All bands have to grow, right? There is a point in an artist’s career where more of the same simply means death, figuratively speaking. For Parkway Drive, evolution was always the penultimate goal, so Darker Still embraces the courage to explore new soundscapes, finding freedom in its bold compositions. And Ling and Gordon deliver on the majority of tracks, offering listeners plenty of symphonic feels, shapeshifting guitars, orchestral maneuvers, and so much more. Coupled with McCall’s enthusiasm to travel new vocal pathways, the album should be a home run.
Unfortunately, from the beginning notes of the opener, “Ground Zero,” there is a sense of wrongness. No doubt it was not the quintet’s intention to concoct a song that calls the drunken pirates of Alestorm to mind, but the gang vocals and thick symphonic feel sink into the vast expanse of forgettable material. Sadly, the same can be said for the incendiary attempt “Like Napalm,” whose whirligig guitar work is the clear focus. It fails to strike the intended gut punch, a sentiment that can be attached to most of the record.
Sure, “Glitch” has its moments, and “The Greatest Fear” hits on something bizarrely intriguing with its folk storytelling elements, but it is a peculiar shift for the Aussies that is never fully developed beyond this one song. So, abandoned before it can hope to succeed, they detour into the nearly seven-minute-long titular offering, “Darker Still,” calling to mind the tempo of Metallica’s “Nothing Else Matters” matched with the flamboyancy of Axl Rose on “November Rain.” Does it have the potential to go down in history as the band’s magnum opus? If the need to visualize McCall and his bandmates performing the song alongside an orchestra at Royal Albert Hall is any indication, then it just might echo the commercial successes of its forebears.
But this in no way makes Darker Still the band’s best album to date. In fact, one listen to the cringe-worthy “From the Heart of the Darkness” can singularly shatter that hope. And while catchy, “Imperial Heretic” feels like a leftover Avenged Sevenfold composition, thick on guitar mastery and lacking in substance. Meanwhile, the oddly syncopated vocal approach of “If A God Can Bleed” might have worked for Mike Patton because he’s, well, Mike Patton, but it’s nowhere near as successful for Parkway Drive and their wah pedals.

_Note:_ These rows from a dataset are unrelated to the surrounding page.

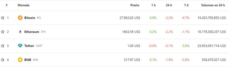 Mientras que la semana pasada Bitcoin superaba los u$s 29.000, hoy la criptomoneda estrella opera alrededor de los u$s 27.900, lo que supone una baja acumulada del 4,7% en los últimos 7 días.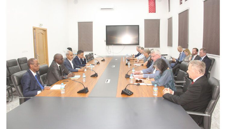 استقبل معالي الوزير المنتدب لدى وزير الاقتصاد والمالية، المكلف بالميزانية، وزير الاقتصاد والمالية وكالة، السيد كوديورو موسى انكنور، اليوم الاثنين بمكتبه في نواكشوط، وفدا من البرلمان الألماني، برئاسة النائب كنيت جرسشو.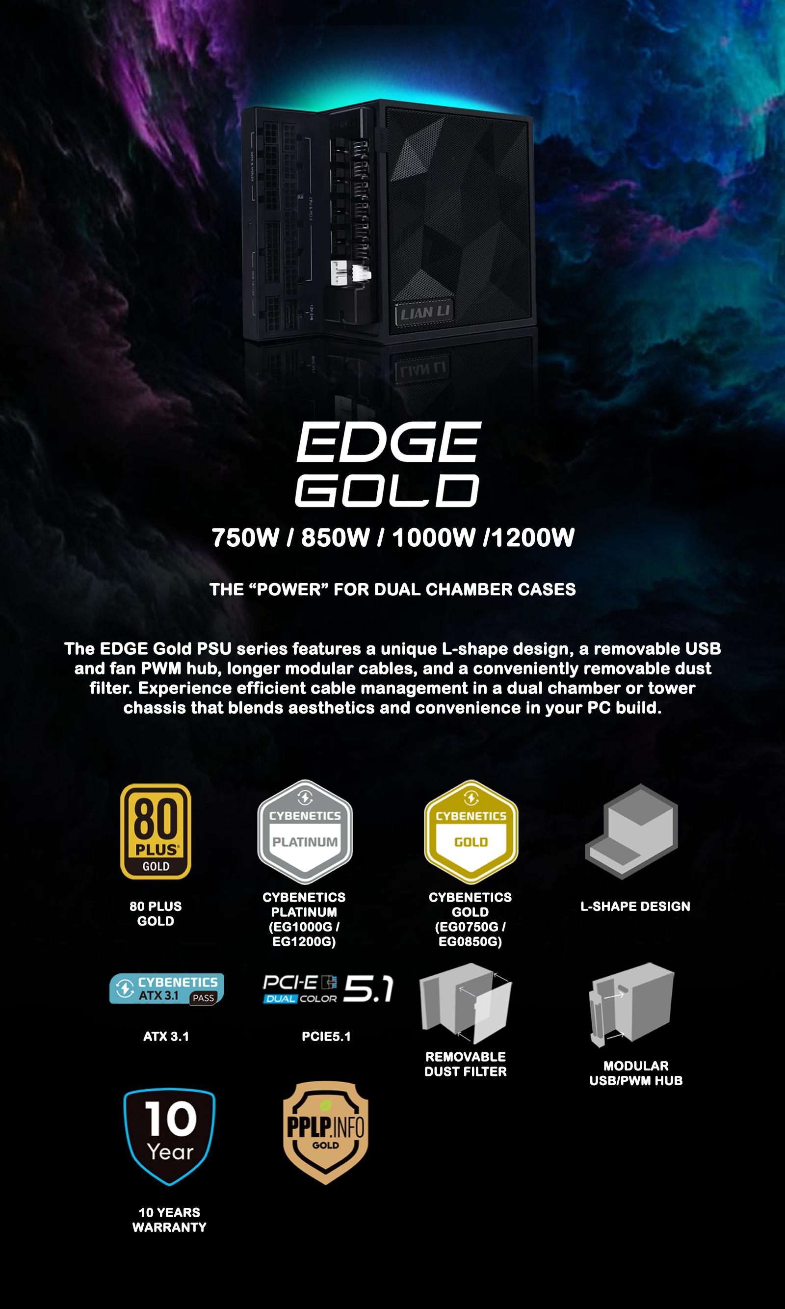 Lian Li EDGE EGO850 GOLD е висококачествен 850W модулнo захранваne с уникален L-образен дизайн, сертифициран по стандарта 80 PLUS Gold и съвместим с ATX 3.1 и PCIe 5.1.

Forget “Soul Bleach” or the white noise interlude “Stranger,” and hone in on what could have been—we see hints of this in “Land of the Lost.” Building upon the quintet’s established sound and experimenting outside the boundaries of Metal, it provides an anthemic sing-along that refuses to forget its roots. This is not to suggest that Darker Still is a slap-in-the-face to longtime fans, rather, it’s a testament to the Aussie’s bravery in going their own route and recording the record they felt in their hearts.

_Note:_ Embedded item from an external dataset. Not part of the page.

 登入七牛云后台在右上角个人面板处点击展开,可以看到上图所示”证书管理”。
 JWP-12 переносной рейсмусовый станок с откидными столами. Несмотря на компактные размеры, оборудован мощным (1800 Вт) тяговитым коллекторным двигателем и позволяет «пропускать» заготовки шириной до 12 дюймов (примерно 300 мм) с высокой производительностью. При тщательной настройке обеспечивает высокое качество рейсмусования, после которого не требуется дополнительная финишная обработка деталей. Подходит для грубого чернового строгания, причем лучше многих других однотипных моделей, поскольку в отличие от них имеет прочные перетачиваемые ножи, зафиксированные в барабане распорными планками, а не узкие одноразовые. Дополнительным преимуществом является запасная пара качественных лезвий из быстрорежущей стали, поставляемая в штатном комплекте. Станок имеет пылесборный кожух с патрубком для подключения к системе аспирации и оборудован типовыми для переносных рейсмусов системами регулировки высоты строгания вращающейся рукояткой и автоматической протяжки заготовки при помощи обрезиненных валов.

No matter how you slice it, Parkway Drive is an exceptional band. Though Darker Still fails to live up to the momentum built on the powerful shoulders of 2015’s Ire and 2018’s Reverence, it proves that these Australians are hellbent on making each recording experience unique. Yes, these 11 songs take a sharp left turn that seems manufactured to titillate Active Rock radio, but if that’s what Parkway Drive is feeling at the moment, then who are we to say that it’s an inferior product? Still riding the fence, but with great reverence for these Aussies, Cryptic Rock gives Parkway Drive’s latest 3 out of 5 stars.